И правда, ничто не доставляло ей такого удовольствия, как дразнить во мне «жу-хана» («ханжу» на ее перевернутом языке) или, что еще более любопытно, «протестанта», хотя ни я и никто из моей семьи никогда не были приверженцами этой прекрасной религии. Вероятно, она путала меня с кем-нибудь из своих любовников, да еще считала, что все протестанты – пуритане. Во всяком случае, хотя она меня и шокировала гораздо меньше, чем думала сама, – но это доставляло ей такую радость! Это был один из тех редких случаев, когда она вдруг становилась похожей на девочку, я бы ни за что на свете не разрушил ее иллюзии – она тащилась в полный рост, по ее собственному выражению, не только когда произносила громко и публично те слова, которые я привел выше, что через некоторое время перестало производить на меня какое-либо впечатление, но прежде всего, когда проявляла самым откровенным и неприкрытым образом свое желание, направленное на меня или на одного из молодых прохожих, что было мне отнюдь не столь безразлично.

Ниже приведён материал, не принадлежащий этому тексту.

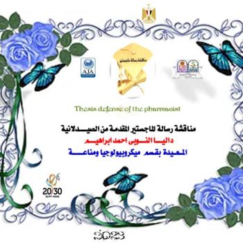 The master’s thesis defense of the pharmacist/ Dalia Al-Noubi Ahmed Ibrahim - teaching assistant in the (Microbiology and Immunology) Department on Wednesday, September 13, 2023.

Нет, больно, иногда ужасно больно, было мне просто находиться рядом с ней, такой лучезарно прекрасной, увы! такой желанной для всех – мне, столь недостойному (думал я) подобной чести. Когда пришло время подводить итоги, и совершенно объективно (я, конечно, шучу: в любви существует в лучшем случае великодушная субъективность), я искал на другой чаше весов то, что могло хотя бы отчасти компенсировать все усилия, все разочарования, которые она мне доставила, всех жаб, которых она заставила меня проглотить, всю черноту нашей связи, я находил прежде всего, кроме сексуального удовольствия, этот пунцовый цветок – ее красоту – милость, роскошь, невероятный, достойный фей или джиннов «Тысячи и одной ночи» дар, которым она оказалась. И то, что именно мне на долю досталось это благословение: эта неслыханная удача – то, что я встретил ее и был принят ею, избран жить рядом с ней, быть тем, кто идет с ней рядом.

Никогда я не ощущал этой столь смущающей благодати так, как в один октябрьский вечер. На коктейле, когда я без особого успеха пытался забыть о ее отсутствии – она на несколько дней уехала к подруге, живущей в Туре, – мое плавающее внимание было вдруг поймано взглядом. На меня глядела антильская девушка со светлой кожей, невероятно тонкой талией, с серьезным и сияющим лицом и с прической по последней моде – волосы как попало разделены на мелкие прядки, закреплены гелем и похожи на пучки диких трав. И эта девушка улыбнулась и направилась ко мне. И вдруг я узнал ее: это была Легация! Она была еще красивее и моложе, чем в моем воспоминании – а ведь оно было совсем свежим – красивее, чем когда-либо. Она приехала раньше, чем собиралась, и решила сделать мне сюрприз.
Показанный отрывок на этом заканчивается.